Jim Dugan, the circus’s press agent, recognizes Colt as they parade through town and elements of the past friendship surface as he grants Colt and Kelly free passes to the show. Josie La Tour’s horse is spooked and bolts during rehearsal, but she escapes unharmed, a sign that something more ominous might be at play. Dugan drags a reluctant Colt to see John T. Rainey (/actor/george-rosener) that night. Rainey warns that someone intends to wreck the show; every principal performer has received an anonymous note warning them not to perform on the next day—Friday the 13th—or they will die. He also notes La Tour’s near accident, which raises Colt’s suspicion that there is more to this than a mere publicity stunt.

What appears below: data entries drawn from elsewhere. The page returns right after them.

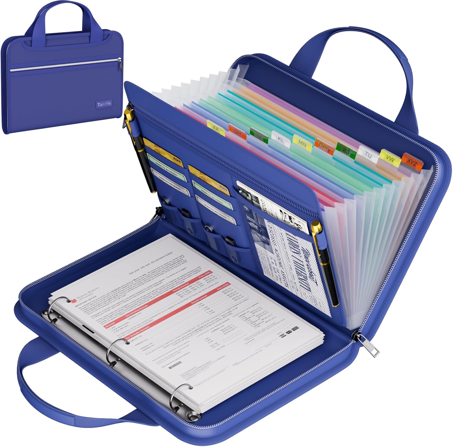 Fireproof Accordion File Organizer with Handle, 13 Pocket Expanding File Folder with Zipper & Labels, File Folder with 3 Ring Binder, Multi Pockets Paper Organizer Folder for Letter A4 Files (Blue)
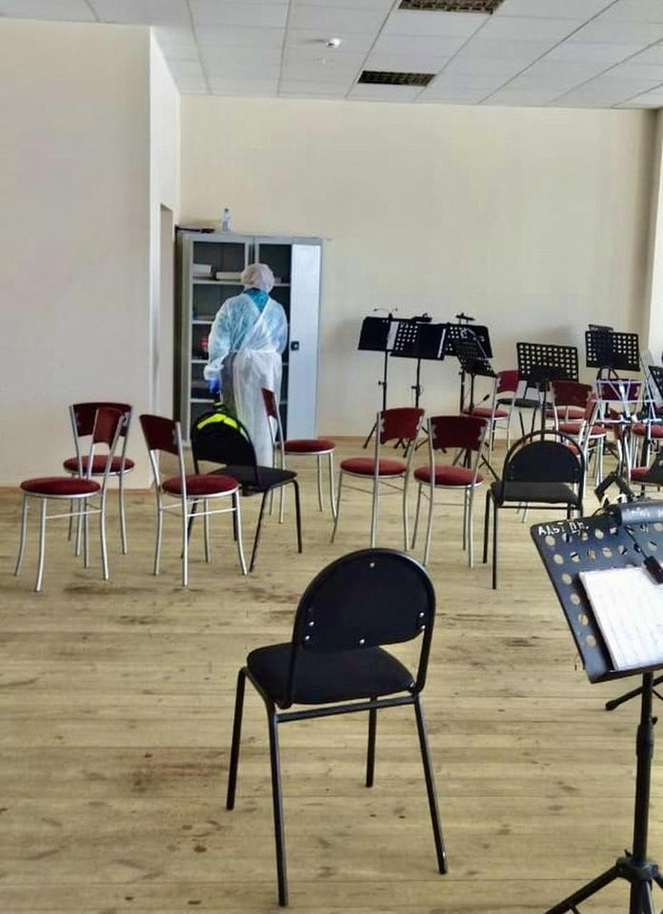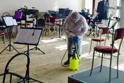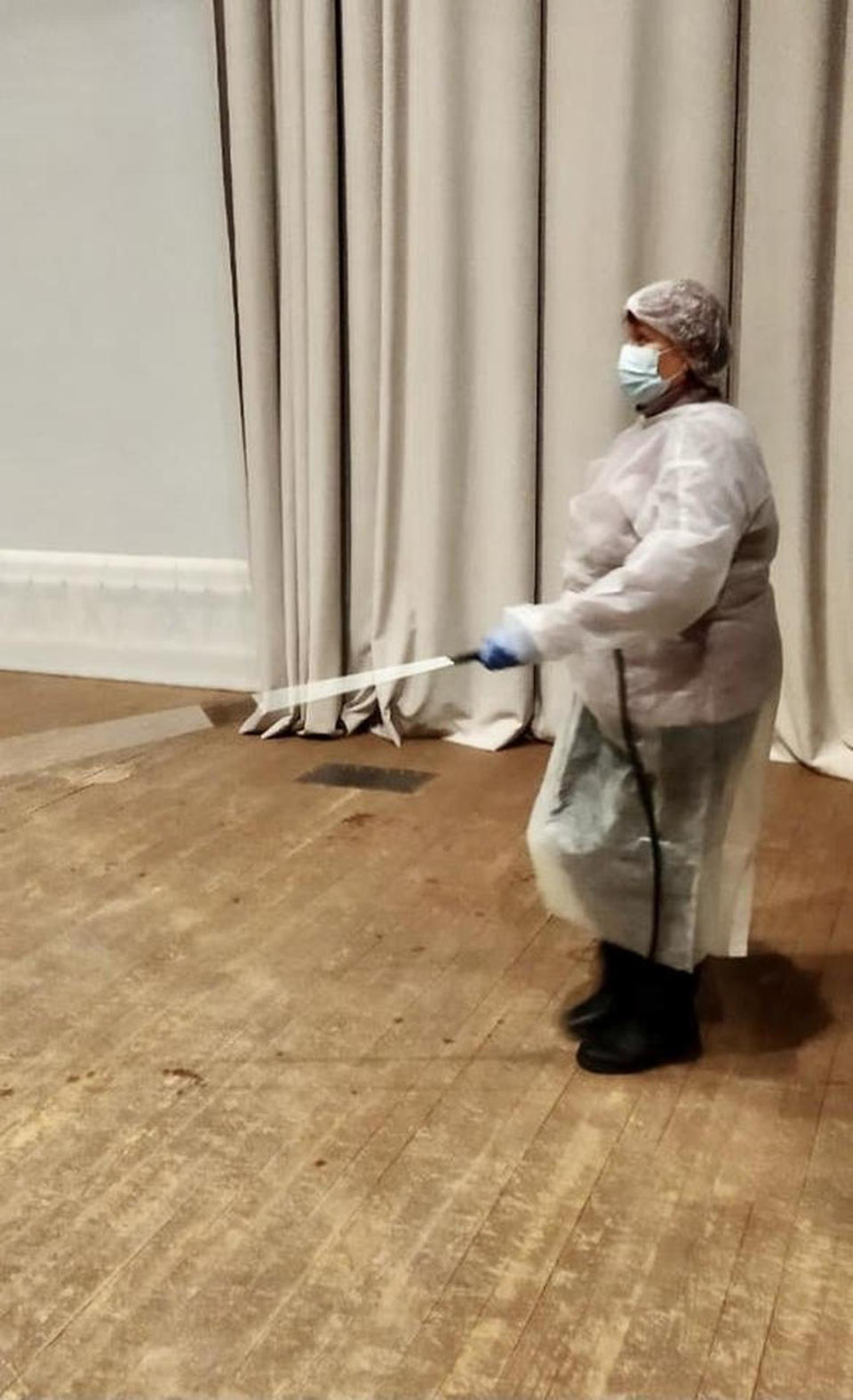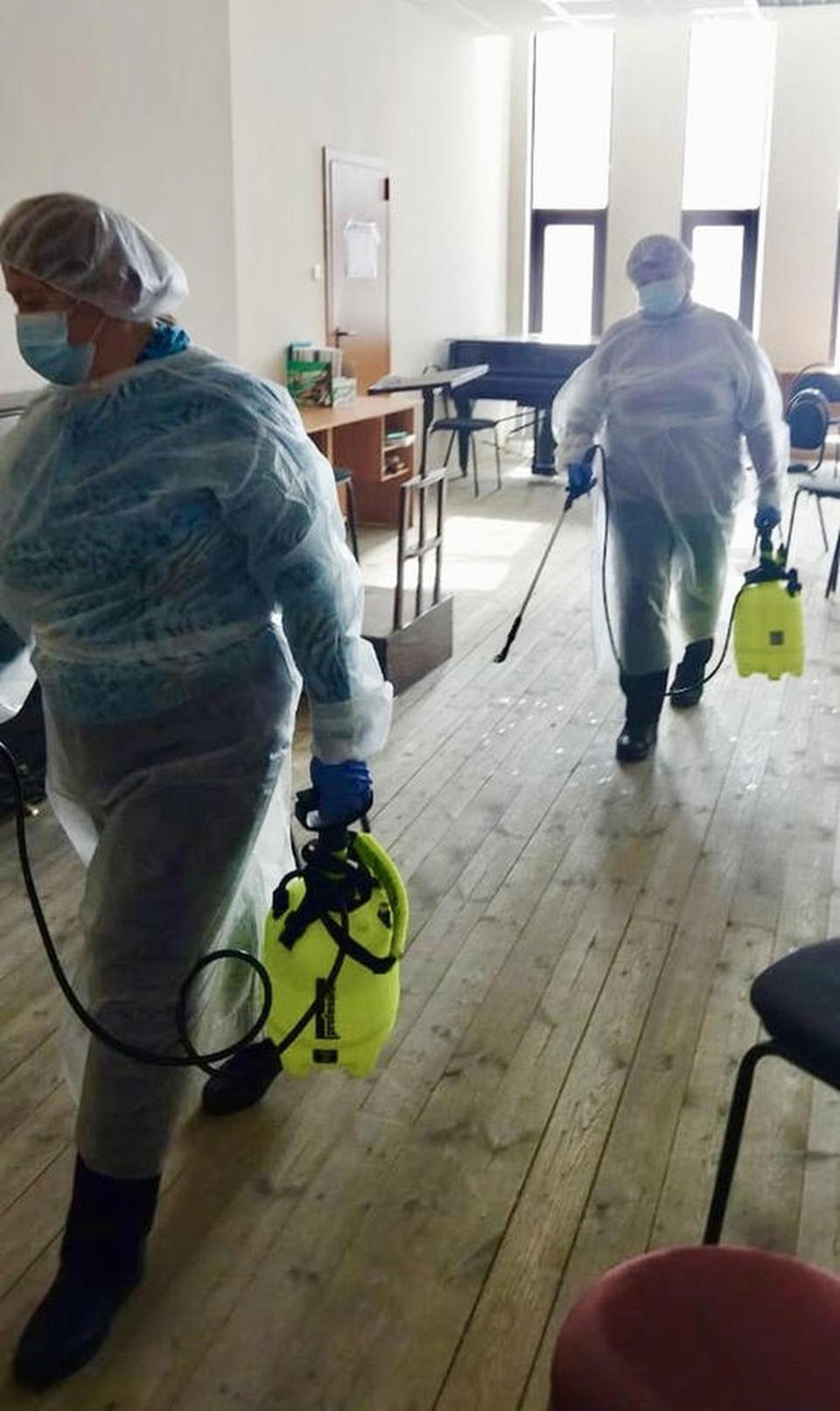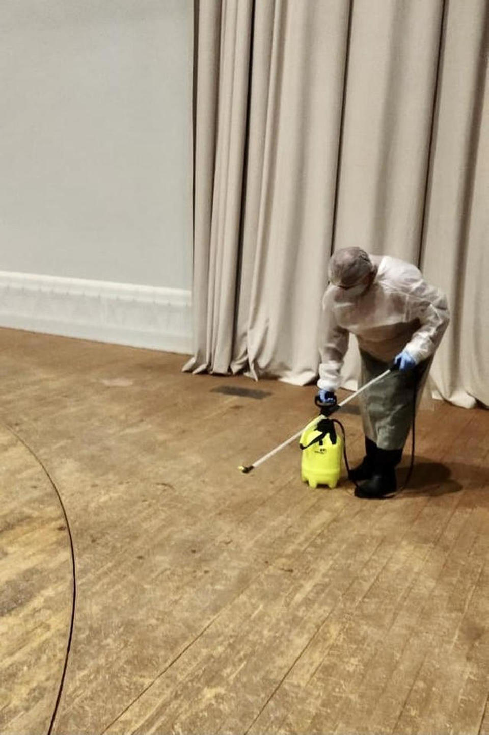 Медицинскими дезинфекторами проведена обработка зрительских залов учреждения культуры, а также репетиционных комнат. При работе были использованы специальные дезинфицирующие средства.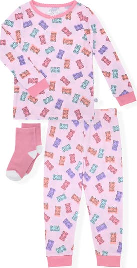 Your little one will adore this matching pajama set featuring an allover gummy bear print and crafted from stretchy fabric for all-day comfort and paired with soft socks.

Colt suspects Dugan could be behind the scheme, yet Kelly reveals a crucial clue: La Tour’s near disaster involved a nearly sabotaged stunt, and the runaway horse was actually caused by Flandrin popping a balloon. She also lipreads an ominous line, spoken by Flandrin to his wife just before: “You double-crossing cheat. I’ll kill the both of you.” > You double-crossing cheat. I’ll kill the both of you. The tension deepens as Colt learns that La Tour owns a significant stake in the circus, complicating loyalties and motives.

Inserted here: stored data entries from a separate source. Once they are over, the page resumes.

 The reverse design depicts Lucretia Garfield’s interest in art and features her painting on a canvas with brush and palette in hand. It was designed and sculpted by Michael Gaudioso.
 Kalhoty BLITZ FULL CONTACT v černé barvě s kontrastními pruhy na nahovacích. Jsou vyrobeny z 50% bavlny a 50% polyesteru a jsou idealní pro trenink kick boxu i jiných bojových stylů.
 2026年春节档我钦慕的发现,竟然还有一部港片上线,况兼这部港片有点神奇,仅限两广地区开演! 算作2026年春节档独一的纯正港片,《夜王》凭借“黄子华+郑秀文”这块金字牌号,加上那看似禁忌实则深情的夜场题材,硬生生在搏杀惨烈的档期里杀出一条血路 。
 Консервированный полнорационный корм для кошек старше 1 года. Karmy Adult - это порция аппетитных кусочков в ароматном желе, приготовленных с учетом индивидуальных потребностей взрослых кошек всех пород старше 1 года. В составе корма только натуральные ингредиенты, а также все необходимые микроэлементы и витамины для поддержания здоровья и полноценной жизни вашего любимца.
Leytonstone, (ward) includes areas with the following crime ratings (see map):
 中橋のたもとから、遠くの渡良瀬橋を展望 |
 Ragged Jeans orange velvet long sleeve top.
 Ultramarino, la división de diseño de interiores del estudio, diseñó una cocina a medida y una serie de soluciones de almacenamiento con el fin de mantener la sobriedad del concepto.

A disturbing atmosphere settles over the grounds as Colt deduces that the blood found in Flandrin’s wagon is not human. He notices an extra member of the “cannibal” troupe the night before, and he suspects Flandrin is in disguise. Rainey urges cancellation of the next performance, but La Tour insists on proceeding, determined to perform despite the growing danger.

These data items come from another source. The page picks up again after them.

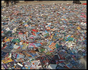 而这只是去年来北京众多公开销毁行动中的一次,2005年,北京市各级行政执法单位全年共出动执法检查人员17.2万人次,检查音像单位9.35万家次,书报刊经营单位9.31万家次,共取缔违法图书音像店、书摊2219家、非法经营的游商1836人次,共收缴非法出版物264.86万余册,收缴盗版音像制品261.5万张。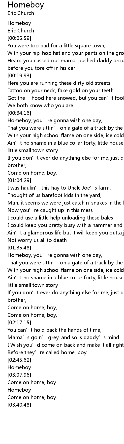 | [00:47.44] | Ain’t no shame in a blue collar forty, little house, little kid, little small town story |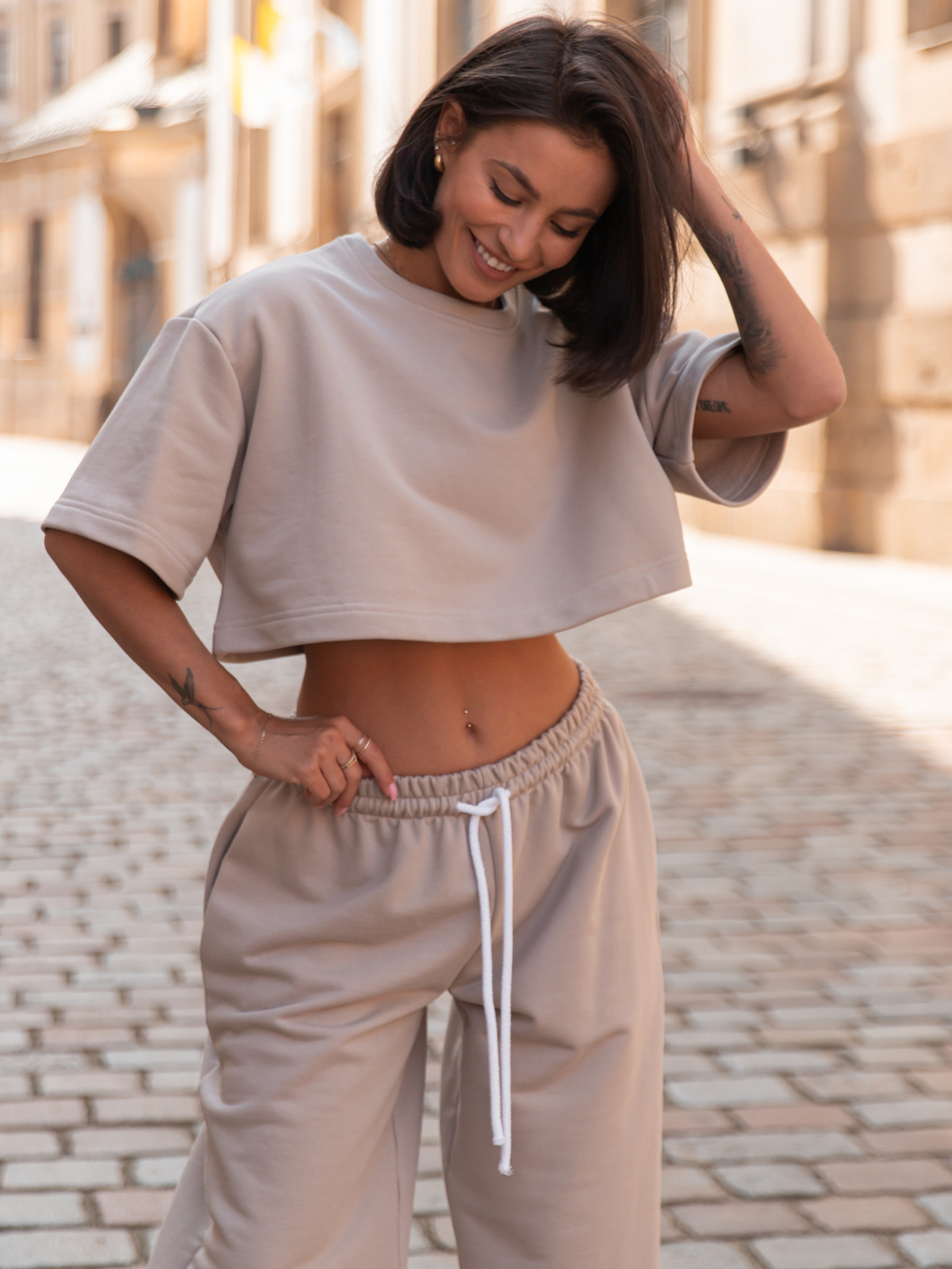 Krótszy fason typu crop – idealny do legginsów, kolarek i spodni z wysokim stanem.
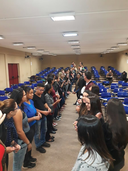 Os novos alunos do curso de Técnico em Serviços Jurídicos de Bebedouro tiveram uma calorosa acolhida dos professores e colegas mais velhos de curso.

As the show unfolds, Flandrin ascends to the top of the Big Top while Sebastian faces a dangerous moment when a trapeze rope is partially cut. The audience remains unaware that it is a calculated peril rather than a mere accident. La Tour takes her turn on the trapeze and is shot with a poison dart from a blowgun, collapsing to the ground and dying in front of the crowd. Colt roams the grounds, confronting Flandrin, who now holds Kelly captive and demands that Sebastian be left alone with La Tour’s body.
Colt enters the tent with Kelly, and Flandrin aims at Sebastian, but Colt—disguised in a bulletproof setup borrowed from the circus—shoots a fatal blow to Sebastian from a concealed position. In a climactic twist, the killer is revealed to be Flandrin, and Colt’s ruse exposes the truth to the wary crowd. Flandrin sprints back into the Big Top for a final, dramatic act, but the fatal finale comes when he turns the gun on himself, ending the tragedy he orchestrated.
The tale unfolds as a slow-burn thriller set against the glitter and danger of a traveling circus, where love, jealousy, and revenge collide under the banner of spectacle. The meticulously planned scheme unravels in a sequence of misdirections, double-crosses, and high-stakes danger, leaving Colt to piece together who among the performers is willing to go to any length to protect or destroy what they hold dear.